ABOUT THIS TASK: Transcribe the listing below word for word but skip its images.

PROVIDED DATA:
□ □ □ □ □

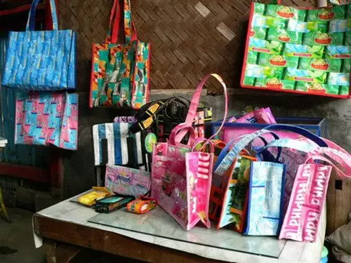 Seperti halnya bungkus kopi, kita harus mengumpulkan bungkus kopi dengan merk dan warna yang sama untuk nantinya bisa dibuat menjadi tas. Memilah sampah bahan organik dan anorganik kita bisa menjadi lebih tertib untuk membuang sampah.
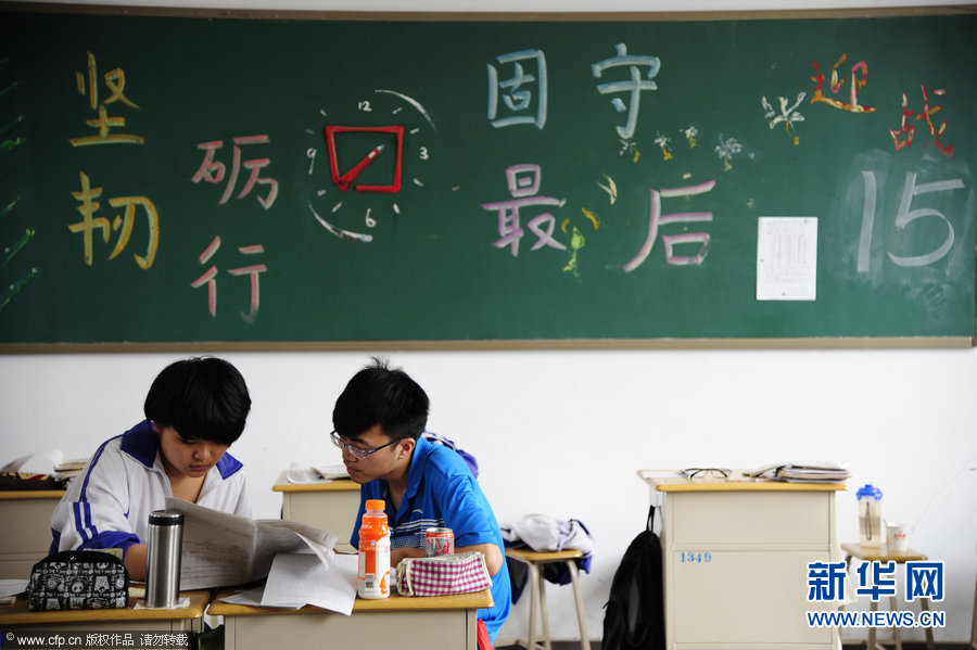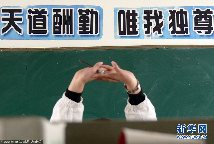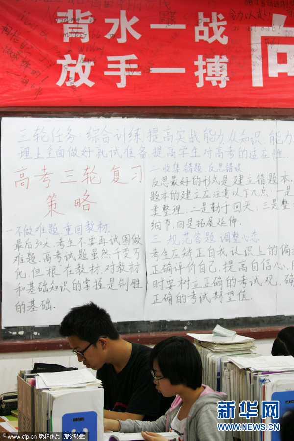 2011年4月13日,厦门市双十中学高三学生在教室里复习功课备战高考,充满刺激鼓动性的大标语,让复习更显得紧张。“要成功,先发疯,下定决心往前冲”。(图片来源:CFP)
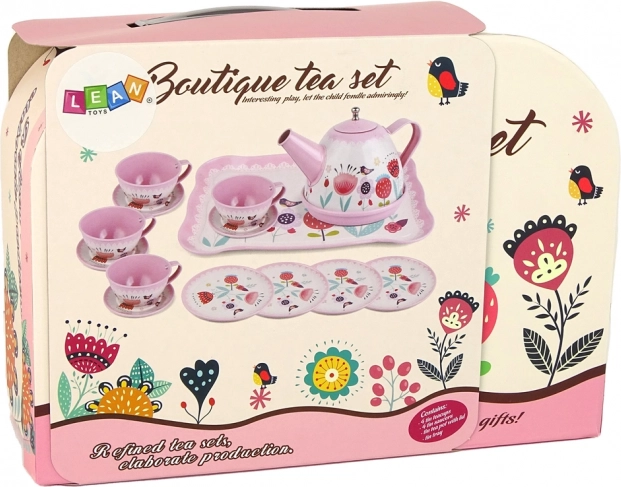 Emportez le goûter thé où que vous alliez ! Ce set de thé et café pour enfants en valisette est conçu pour un transport pratique et un amusement immédiat. Les pièces dans une élégante couleur rose avec de jolis motifs enthousiasmeront les enfants et les motiveront au jeu social, au développement de la communication et de l’imagination.

□ □ □ □ □

EXPECTED ANSWER:
 Seperti halnya bungkus kopi, kita harus mengumpulkan bungkus kopi dengan merk dan warna yang sama untuk nantinya bisa dibuat menjadi tas. Memilah sampah bahan organik dan anorganik kita bisa menjadi lebih tertib untuk membuang sampah.
 2011年4月13日,厦门市双十中学高三学生在教室里复习功课备战高考,充满刺激鼓动性的大标语,让复习更显得紧张。“要成功,先发疯,下定决心往前冲”。(图片来源:CFP)
 Emportez le goûter thé où que vous alliez ! Ce set de thé et café pour enfants en valisette est conçu pour un transport pratique et un amusement immédiat. Les pièces dans une élégante couleur rose avec de jolis motifs enthousiasmeront les enfants et les motiveront au jeu social, au développement de la communication et de l’imagination.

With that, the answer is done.